He could see the national colors they were flying, too, which was the new flag adopted by the United States of Europe after it was formed-by which time Eddie himself was a Danish prisoner of war-not the flag he'd been familiar with. That had been the flag of the New United States, which was an adaptation of the up-time flag of the USA. A different pattern for the stars, but the same familiar red and white stripes. Since the Confederated Principalities of Europe had been a loose confederation rather than having the federal structure of the USE, the CPE's Navy had actually been the NUS Navy. Just on loan, so to speak. The CPE had never had a flag of its own.

Eddie had never seen the USE flag up close, and Ulrik's depiction of its design had been rather vague.

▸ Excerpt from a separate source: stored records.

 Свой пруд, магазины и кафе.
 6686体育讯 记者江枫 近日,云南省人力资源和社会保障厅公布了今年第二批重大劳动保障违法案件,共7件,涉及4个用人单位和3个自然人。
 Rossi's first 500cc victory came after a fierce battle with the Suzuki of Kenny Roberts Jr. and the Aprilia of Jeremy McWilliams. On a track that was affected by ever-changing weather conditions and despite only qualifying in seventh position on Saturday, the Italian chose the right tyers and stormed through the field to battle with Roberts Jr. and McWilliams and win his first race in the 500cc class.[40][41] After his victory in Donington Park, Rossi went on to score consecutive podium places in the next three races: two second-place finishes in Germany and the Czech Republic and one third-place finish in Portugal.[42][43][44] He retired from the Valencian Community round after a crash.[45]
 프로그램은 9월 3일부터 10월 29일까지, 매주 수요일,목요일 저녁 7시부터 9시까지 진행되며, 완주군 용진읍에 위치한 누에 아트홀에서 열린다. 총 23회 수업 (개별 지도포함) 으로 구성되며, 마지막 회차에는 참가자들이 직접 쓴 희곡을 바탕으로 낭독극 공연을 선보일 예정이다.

From this distance, it looked remarkably like a Confederate battle flag from the American Civil War. At least, it clearly had the same stars and bars design, even if Eddie couldn't really make out the stars that well. But the color scheme was quite different. The USE's colors were the traditional German red, black and gold, not the red, white and blue of American custom-whether Union or Confederate. And the black crossed bars on this new flag were considerably thinner than the blue crossed bars of the Confederate flag. The end result was that, from a distance, the USE flag mostly just looked like a big red flag.

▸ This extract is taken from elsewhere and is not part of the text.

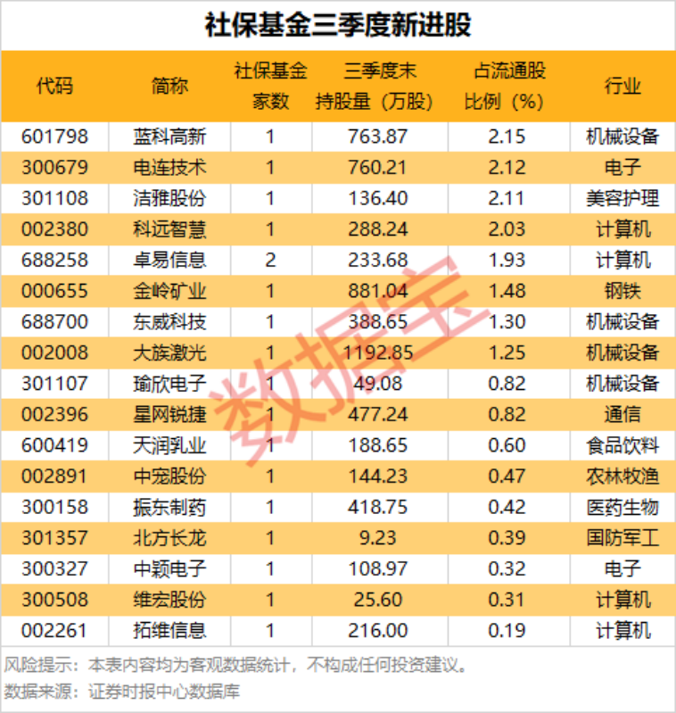 从持股比例看,新进股中社保基金持有比例最多的是蓝科高新,持股量占流通股比例为2.15%;其次是电连技术,社保基金持股比例为2.12%;持股比例居前的还有洁雅股份、科远智慧、卓易信息等。

Swell, thought Eddie. Might as well just call it a bloody flag and be done with it, far as I'm concerned. Within less than a minute, he was about to get a personal introduction to the phenomenon known as "friendly fire." Most likely, a very brief introduction. Even if none of the shells struck his chamber directly, he knew that it wouldn't take that many rounds from those huge guns to bring down the whole Blue Tower in a heap of rubble. With Eddie Cantrell's poor squished skinny little carcass somewhere in the middle of it, oozing blood and-best not dwell on that-at least maybe they'd be able to identity the remains from the scraps of red hair still sticking to this or that shredded piece of-

Oh, yuck.

But, since Eddie couldn't see anywhere he could hide that would make any difference, he decided to stay at the window. What the hell. Might as well enjoy a good show, short and unfortunately truncated as it would be, on his way out.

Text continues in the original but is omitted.